Wir leben nicht mehr im Zeitalter der Dominanz des Nationalstaats. Die Globalisierung des Kapitals beeinflusst weltweit die nationalstaatlichen politischen Entscheidungen.

Unsere Welt im 21. Jahrhundert ist sowohl wirtschaftlich als auch politisch verknüpft, deswegen kann die Flucht als ein Weg zum Überleben nicht total negiert werden.

Die wirtschaftliche Krise von 2008 nahm ihren Anfang in den USA, aber sie verbreitete sich weltweit und beeinflusst die meisten Länder.

Die territoriale Aufteilung der Erde unter den kapitalistischen Großmächten ist beendet. Der Imperialismus ist der Kapitalismus auf jener Entwicklungsstufe, wo die Herrschaft der Monopole und des Finanzkapitals sich herausgebildet, der Kapitalexport hervorragende Bedeutung gewonnen, die Aufteilung der Welt durch die internationalen Trusts begonnen hat und die Aufteilung des gesamten Territoriums der Erde durch die größten kapitalistischen Länder abgeschlossen ist. Lenin Imperialismus als höchste Stadium des Kapitalismus, (vgl. LW 22, 258, HKWM, Bd 6.1, Stichwort Imperialismus)

 

Der Widerstand im Jahr 2011 im Nahen Osten und Nordafrika war sowohl friedlich, als auch eine selbst organisierte Demonstration von unten gegen Diktatoren und für Gleichheit und Freiheit. Die zweite Phase hat mit der gewaltsamen Unterdrückung der Bevölkerung durch den Staat angefangen. In der dritten Phase wurde ein Teil der Bevölkerung, der auf der Seite der Nato war von westlichen Ländern bewaffnet. Als die Bevölkerung in den verschiedenen Ländern nicht in der Lage war, die Regierungen abzuschaffen oder eine Revolution zu machen, hat ein militärischer Besatzungskrieg der Nato gegen die Regierungen in vielen Ländern wie Syrien, Libyen usw. begonnen. Damit wurden hunderttausende Menschen getötet. Die Überlebenden und die Unbewaffneten haben das Land verlassen.
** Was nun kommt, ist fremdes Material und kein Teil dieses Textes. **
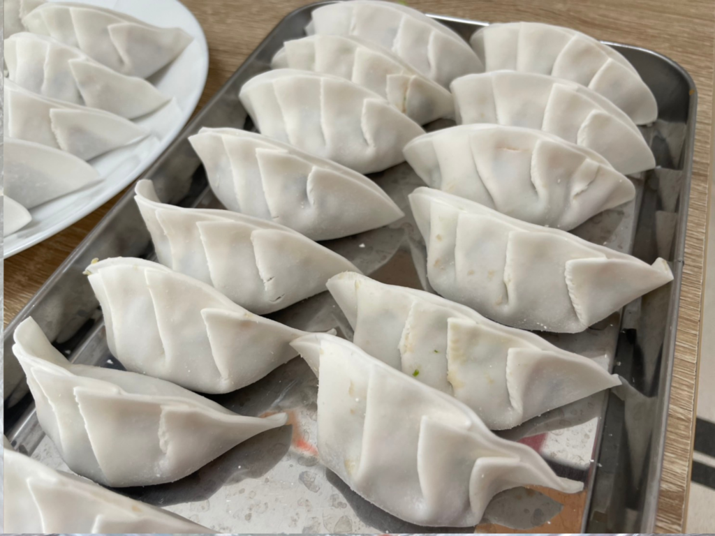 米粉の皮で作った餃子、家族みんなで食べましょう♪
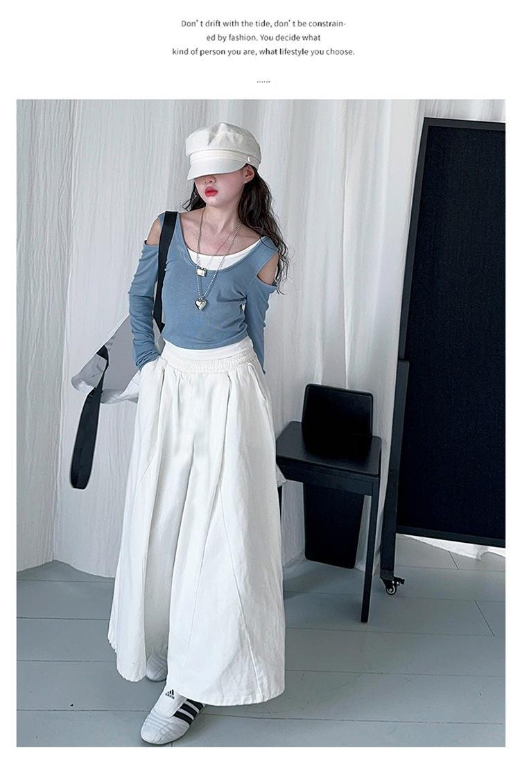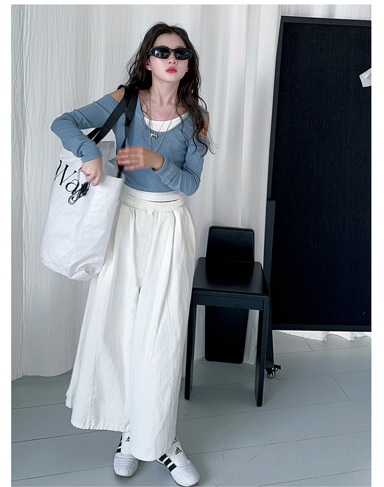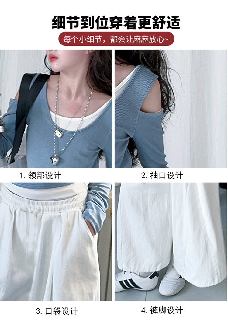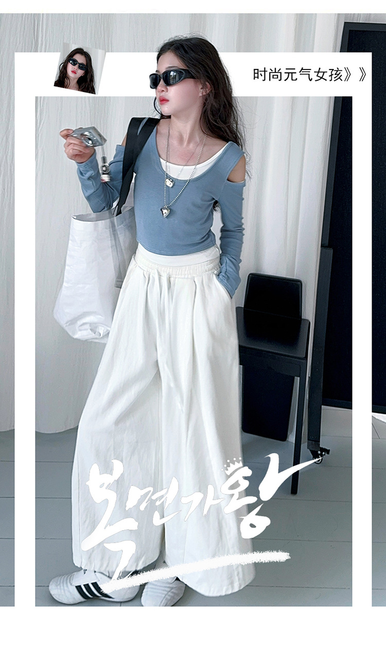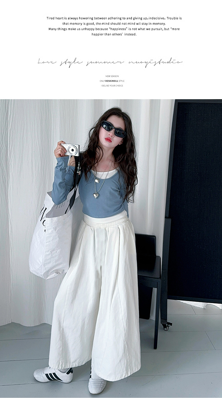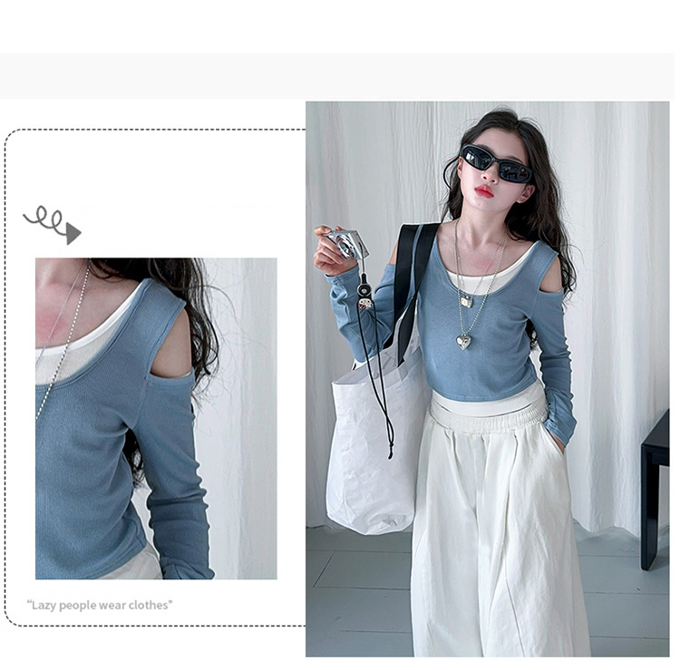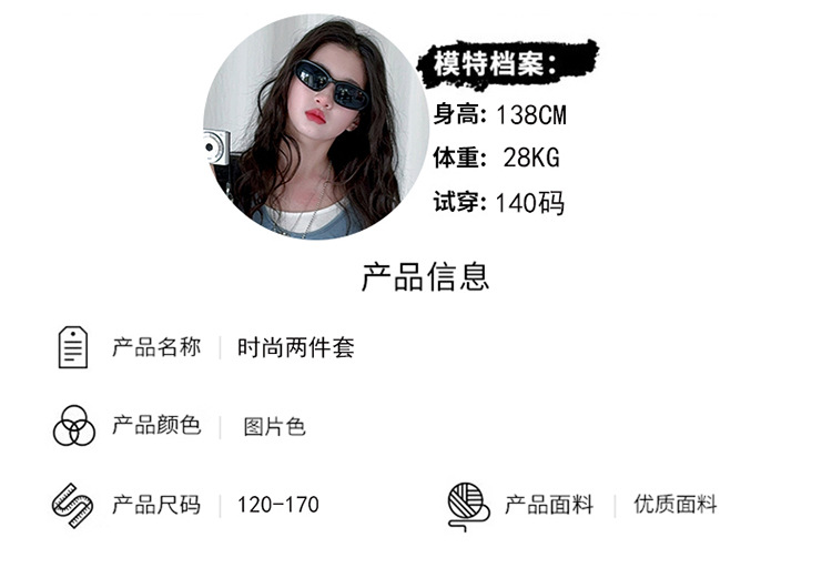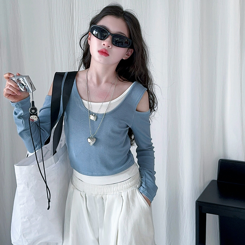소녀 가짜 투피스 어깨 긴팔 티셔츠 세련된 세트 2025 새로운 어린이 세련된 패션 올매치 트렌디 바지스토어 가기

Es ist ziemlich klar, dass alle Kriege sowohl aus wirtschaftlichen, als auch politischen (hegemonialen) Interessen geführt werden, und die westlichen Regierungen können in Kriegszeiten über die Waffenproduktion ihre wirtschaftliche Krisen vermeiden, aber sie müssen auch wissen, dass der Krieg selbst die Krisen reproduziert und nicht für immer eine „gute“ Lösung sein kann.
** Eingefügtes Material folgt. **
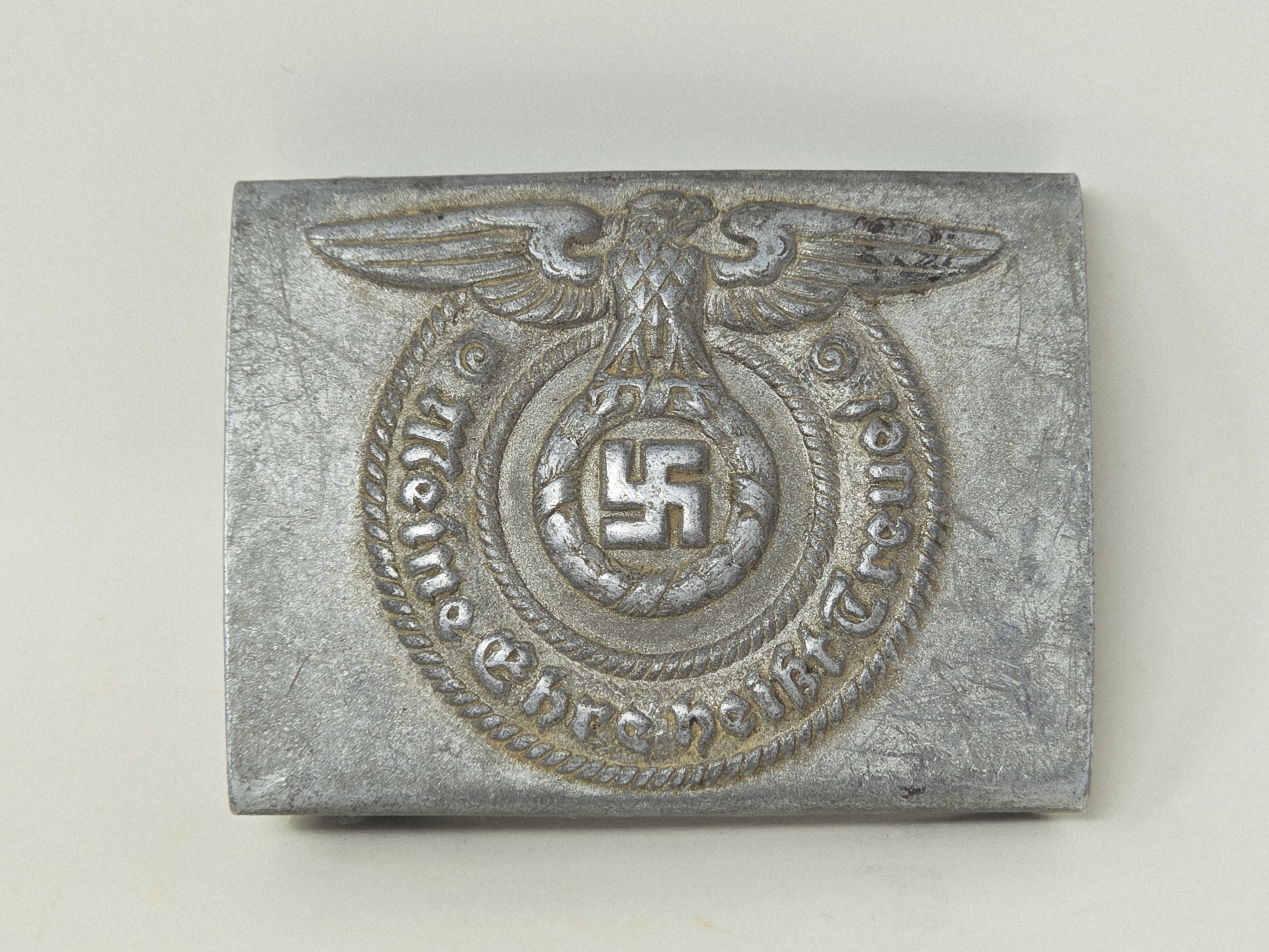 This SS EM buckle is a steel constructed, unmarked piece, retaining a lot of its silver wash finish. A great display item, COA accompanies.

Die Flucht oder „Flüchtlingsprobleme“ waren in den letzten Jahren meistens das Produkt des Krieges.

Die Gründe für Hindernisse der Integration von Flüchtlingen sind sehr vielfältig und unterschiedlich. Allerdings bin ich als Student der Soziologie, der selbst einen Flüchtlingshintergrund hat, nach Besuch eines „Sozialisationsseminar“ der Meinung, dass Ursache und Wirkung nicht verwechselt werden dürfen. Ich glaube, dass Flüchtlinge (oder die meisten Flüchtlinge) nie als diejenigen beurteilt werden dürfen, die das Wohlfahrtssystem ausnutzen wollen. Wenn die Ursachen und Wirkungen verwechselt werden, kann Integration der Flüchtlinge aus verschiedenen Gründen, die ich in dieser Hausarbeit versuche anzusprechen, scheitern.
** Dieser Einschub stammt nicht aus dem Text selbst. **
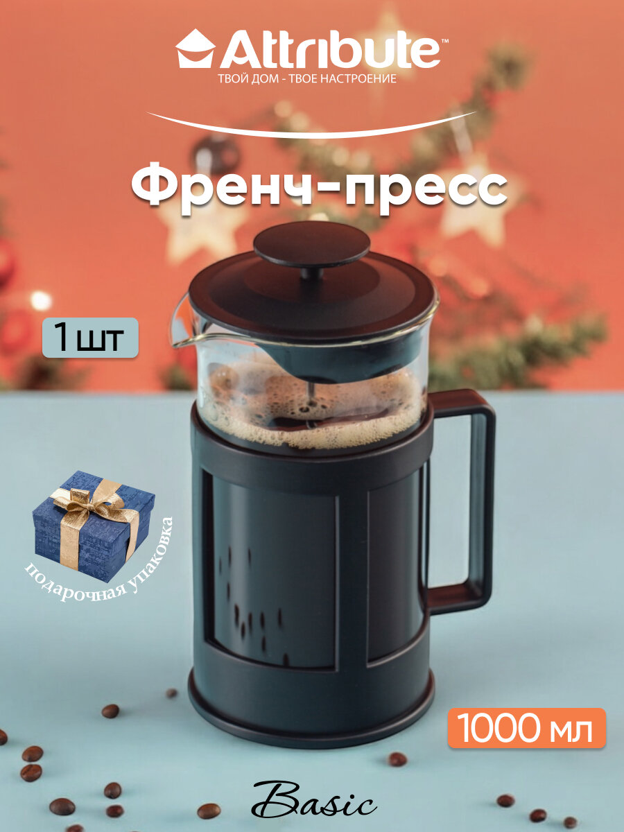 Френч-пресс для горячих напитков Attribute BASIC 1000 мл, с поршнем интересное:
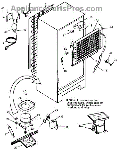 This is a compressor used in several types of home appliances. The compressor is designed to take cold gas in the appliance and place it under pressure so the gas raises in temperature. It is then moved through the refrigerator system to ensure the unit stays cold throughout the appliance. This part can become damaged or malfunction, which may cause the motor to stop running, make the motor noisier, or cause the motor to never stop running.If this happens, the compressor will need to be replaced. A basic set of tools will be needed. A pair of work gloves can also be useful. First, locate the compressor as it may be in various locations depending on the appliance model. Unplug the appliance before removing the compressor. Install the new compressor using the original bolts and nuts before turning the power back on and resuming normal use.This part is sold on an individual basis. The compressor is made to be used with refrigerators, ranges, stoves, ovens, air conditioners, and freezers created by Gibson, Frigidaire, Kelvinator, Montgomery Wards, Westinghouse, Tappan, JCPenney, Universal, and Kenmore. It is an authentic OEM replacement part directly sourced from the manufacturer.
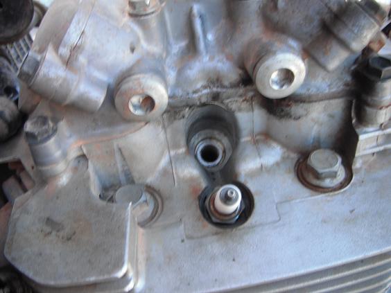 まずは、バイクのプラグを外してみました。うーん、黒く焼けてますね。
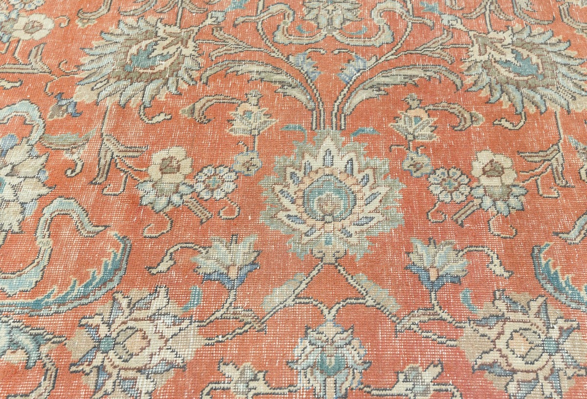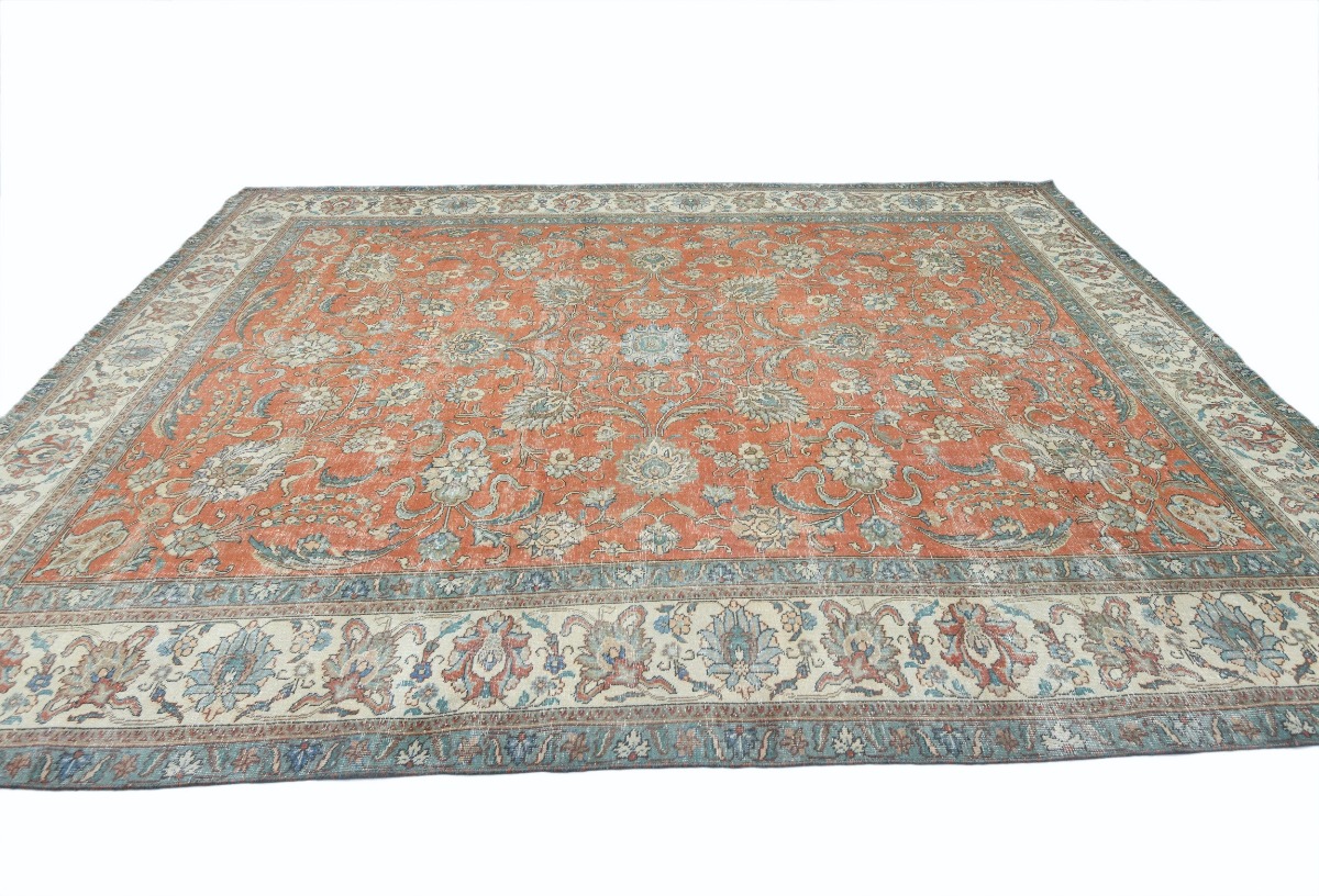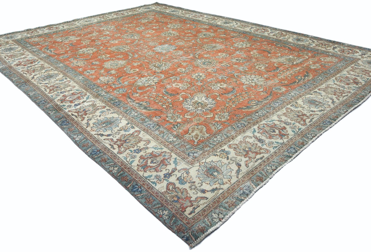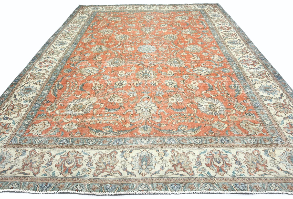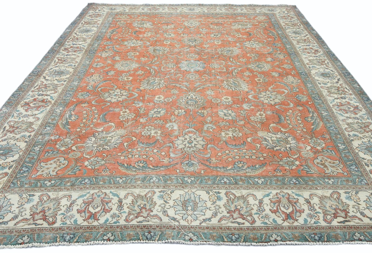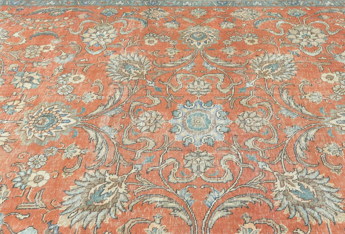 Antique Muted Orange Floral 10X13 Distressed Vintage Oriental Rug

Wir sollten nach den Ursachen der Flucht als einem Weg für das Überleben von vielen Menschen und vielleicht letzte Möglichkeit sehen und solidarisch und human mit Flüchtlingen umgehen. Die Flucht ist für die meisten Flüchtlinge notwendig, weil sie, wenn sie nicht fliehen können, sterben müssen oder Opfer des Krieges und/oder der Diktatoren werden.